RECORDS FOR THE TASK Start Marker
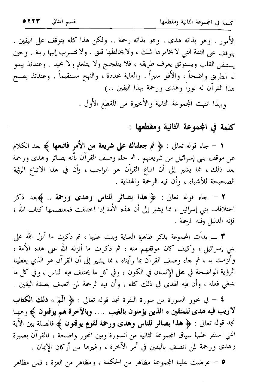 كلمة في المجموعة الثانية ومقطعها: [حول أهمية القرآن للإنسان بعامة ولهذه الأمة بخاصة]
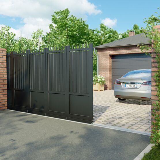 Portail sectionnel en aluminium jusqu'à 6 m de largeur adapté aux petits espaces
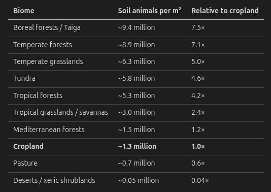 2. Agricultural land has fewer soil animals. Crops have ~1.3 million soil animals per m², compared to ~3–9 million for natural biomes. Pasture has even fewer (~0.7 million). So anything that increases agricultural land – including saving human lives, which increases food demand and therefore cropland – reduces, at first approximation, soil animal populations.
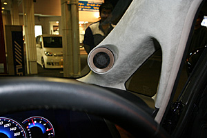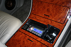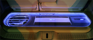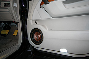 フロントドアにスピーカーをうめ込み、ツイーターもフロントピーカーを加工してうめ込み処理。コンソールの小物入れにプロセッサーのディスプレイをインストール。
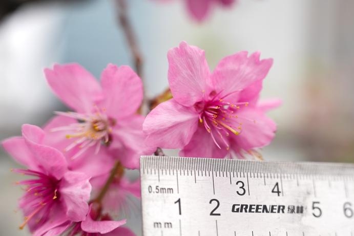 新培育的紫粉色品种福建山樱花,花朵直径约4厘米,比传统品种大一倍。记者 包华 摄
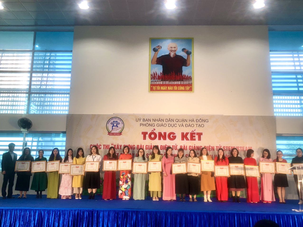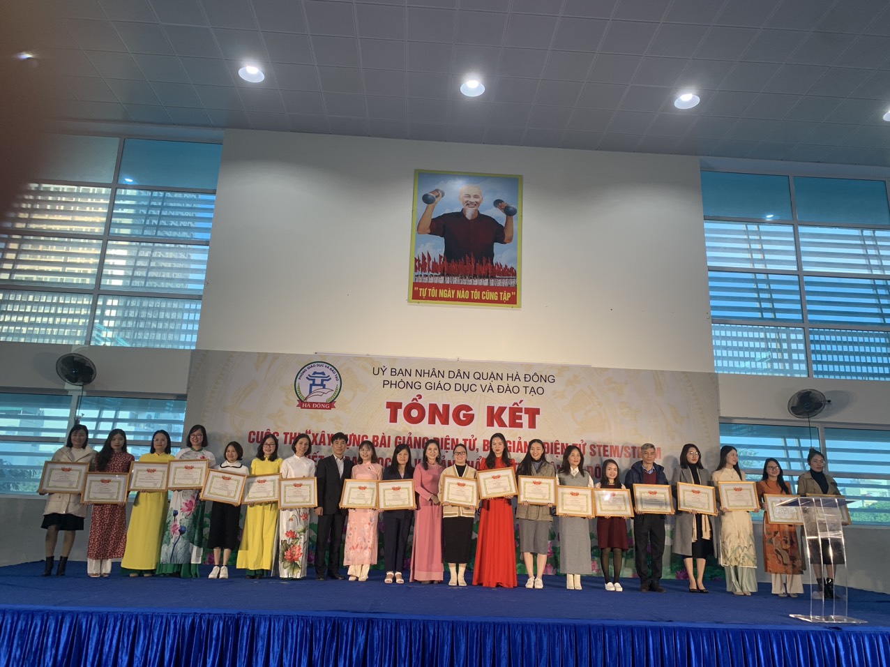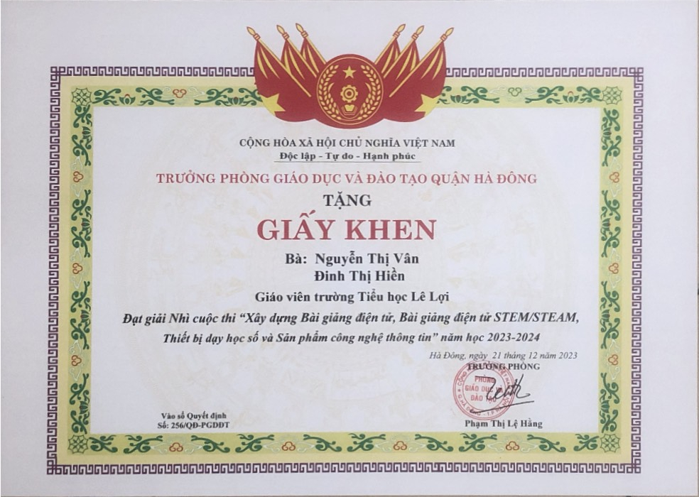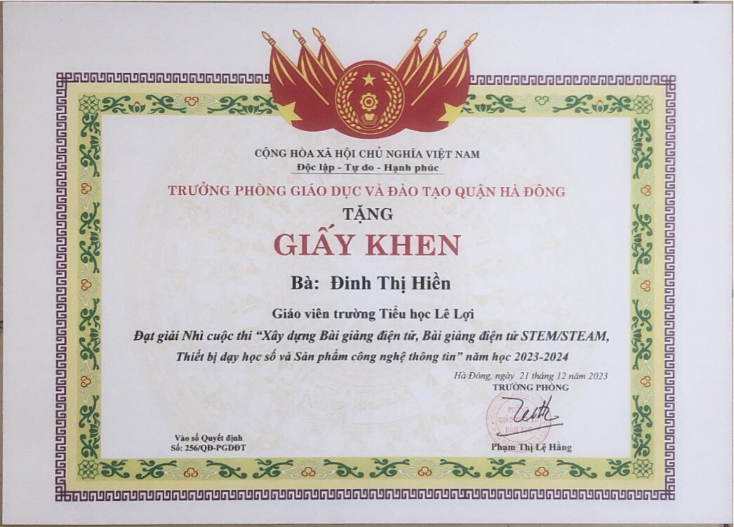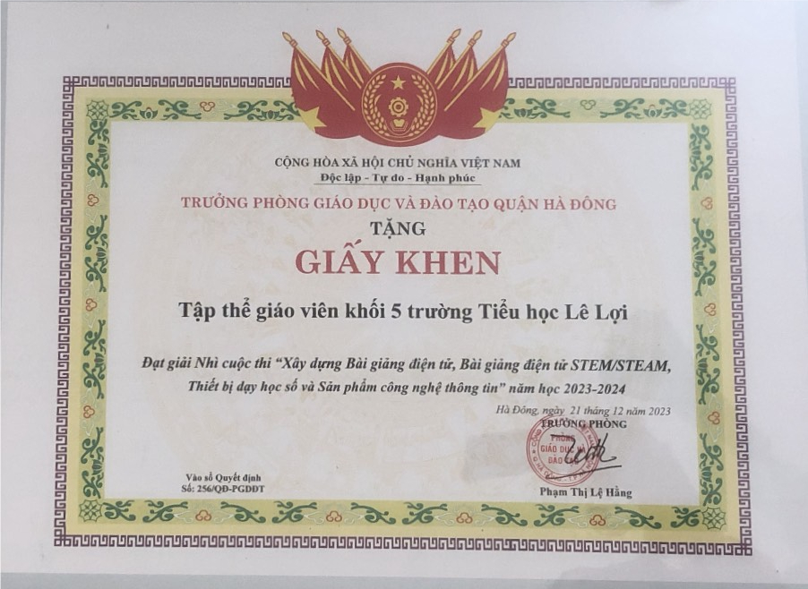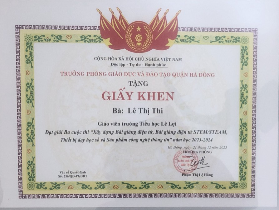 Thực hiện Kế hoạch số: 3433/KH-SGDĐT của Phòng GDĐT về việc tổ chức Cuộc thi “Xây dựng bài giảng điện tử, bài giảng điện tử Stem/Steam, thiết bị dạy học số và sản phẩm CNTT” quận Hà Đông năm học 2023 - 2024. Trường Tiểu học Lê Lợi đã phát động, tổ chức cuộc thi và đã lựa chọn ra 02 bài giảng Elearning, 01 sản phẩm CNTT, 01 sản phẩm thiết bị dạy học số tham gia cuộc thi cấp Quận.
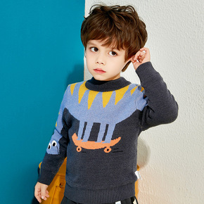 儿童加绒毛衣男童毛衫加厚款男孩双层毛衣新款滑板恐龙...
RECORDS FOR THE TASK End Marker
RECORDS FOR THE TASK Start Marker
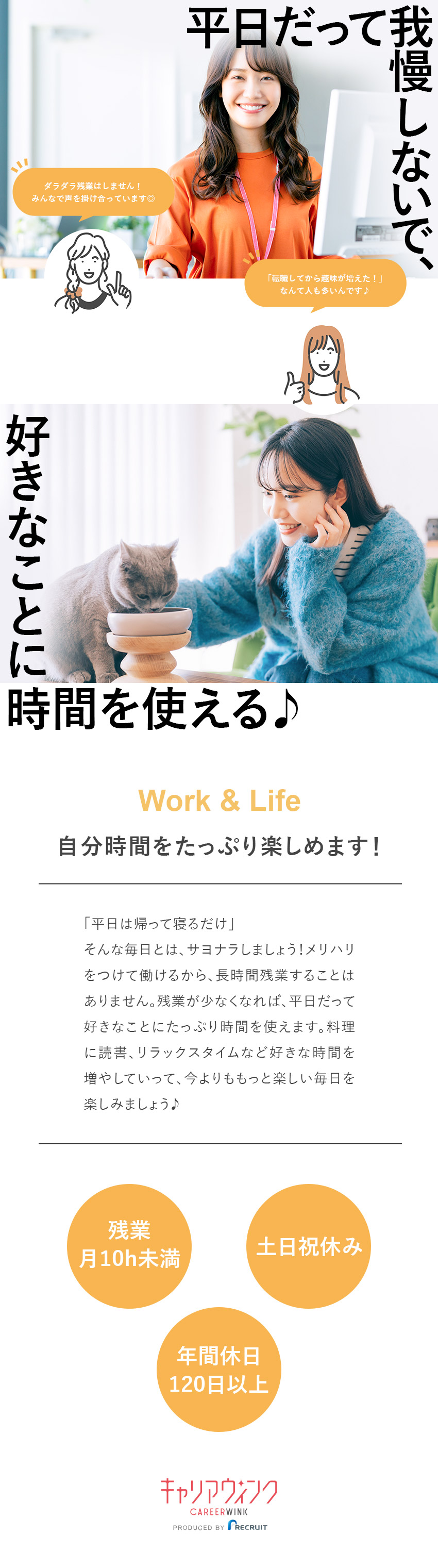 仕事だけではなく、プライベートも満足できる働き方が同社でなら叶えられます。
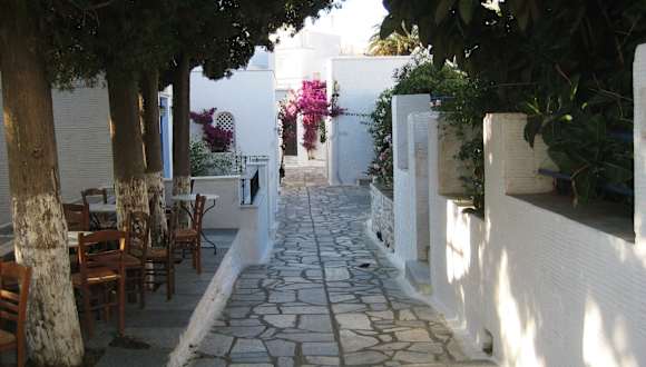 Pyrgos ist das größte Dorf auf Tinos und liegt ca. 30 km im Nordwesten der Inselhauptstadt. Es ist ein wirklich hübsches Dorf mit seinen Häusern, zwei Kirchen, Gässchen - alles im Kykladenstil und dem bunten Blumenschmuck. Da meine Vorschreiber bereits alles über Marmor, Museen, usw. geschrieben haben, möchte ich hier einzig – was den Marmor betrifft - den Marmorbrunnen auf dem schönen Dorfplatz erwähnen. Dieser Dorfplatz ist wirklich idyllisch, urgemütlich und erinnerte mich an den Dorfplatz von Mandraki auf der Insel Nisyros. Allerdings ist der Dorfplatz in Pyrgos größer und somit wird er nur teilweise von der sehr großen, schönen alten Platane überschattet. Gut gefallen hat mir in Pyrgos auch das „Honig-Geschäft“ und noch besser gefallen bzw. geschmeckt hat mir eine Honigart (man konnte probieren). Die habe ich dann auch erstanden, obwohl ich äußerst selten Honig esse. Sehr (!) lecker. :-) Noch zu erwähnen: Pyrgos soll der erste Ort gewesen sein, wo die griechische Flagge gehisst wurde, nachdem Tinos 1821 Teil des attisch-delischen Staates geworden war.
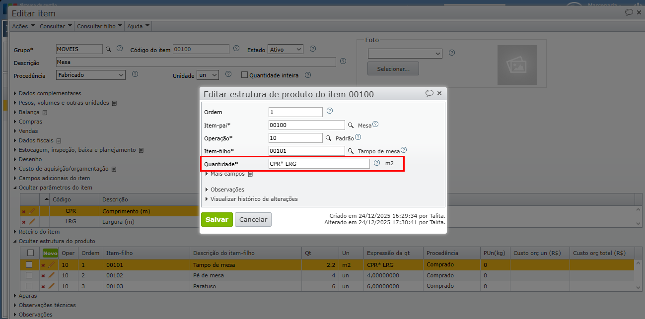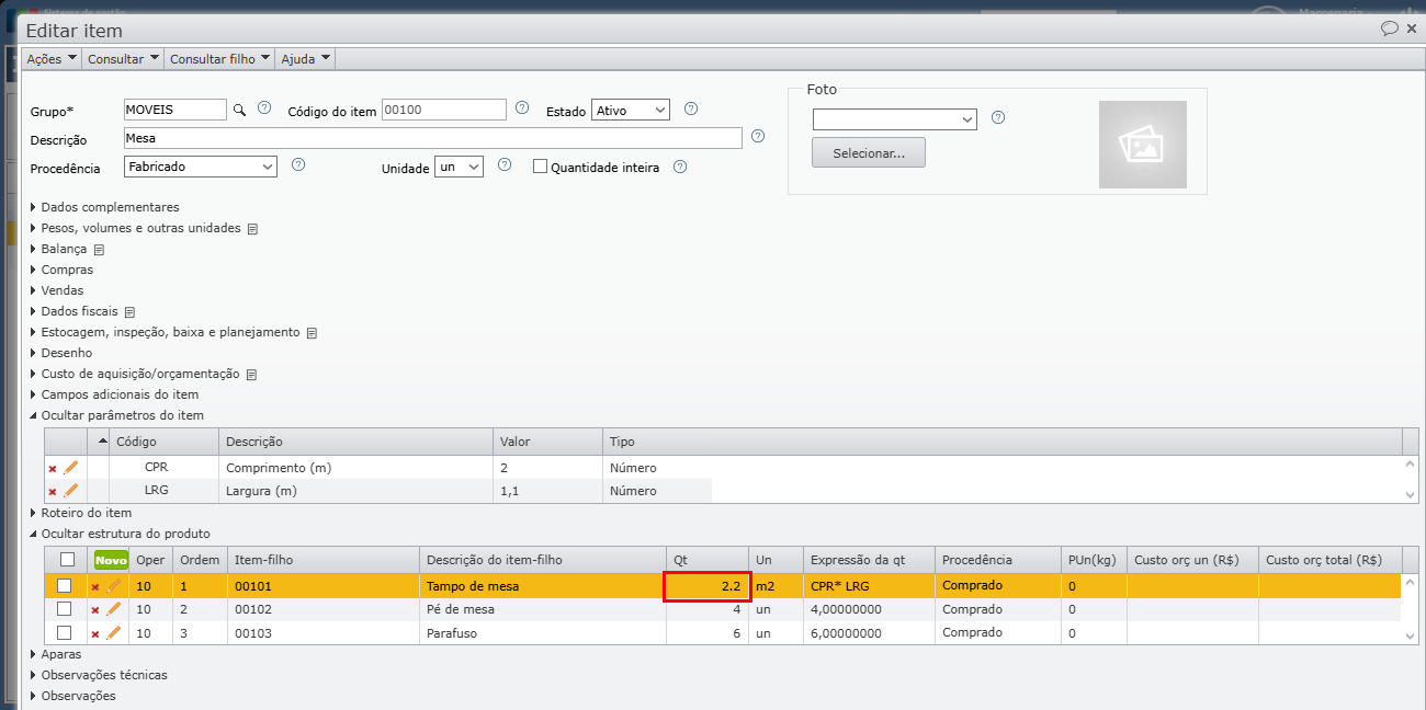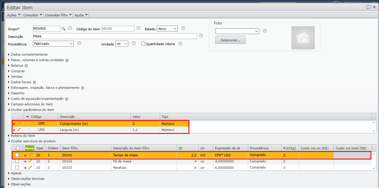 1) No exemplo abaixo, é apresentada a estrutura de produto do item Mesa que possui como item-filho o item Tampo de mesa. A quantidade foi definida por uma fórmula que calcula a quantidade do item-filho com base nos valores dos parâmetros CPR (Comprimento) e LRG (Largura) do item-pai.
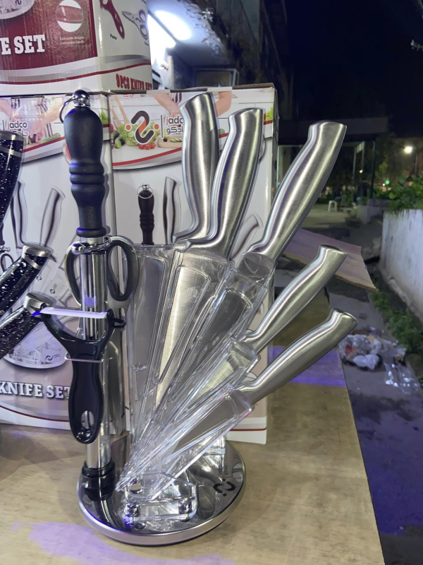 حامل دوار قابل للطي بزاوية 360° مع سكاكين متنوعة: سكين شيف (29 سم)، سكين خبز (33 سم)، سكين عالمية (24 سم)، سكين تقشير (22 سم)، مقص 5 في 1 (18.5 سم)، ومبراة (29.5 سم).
RECORDS FOR THE TASK End Marker
WORK TO COMPLETE: Within the listing above, the stretch from the line with "كلمة في المجموعة" down to the line with "Portail sectionnel en" is to be given again exactly, end lines included and pictures excluded.

YOUR RESPONSE:
 كلمة في المجموعة الثانية ومقطعها: [حول أهمية القرآن للإنسان بعامة ولهذه الأمة بخاصة]
 Portail sectionnel en aluminium jusqu'à 6 m de largeur adapté aux petits espaces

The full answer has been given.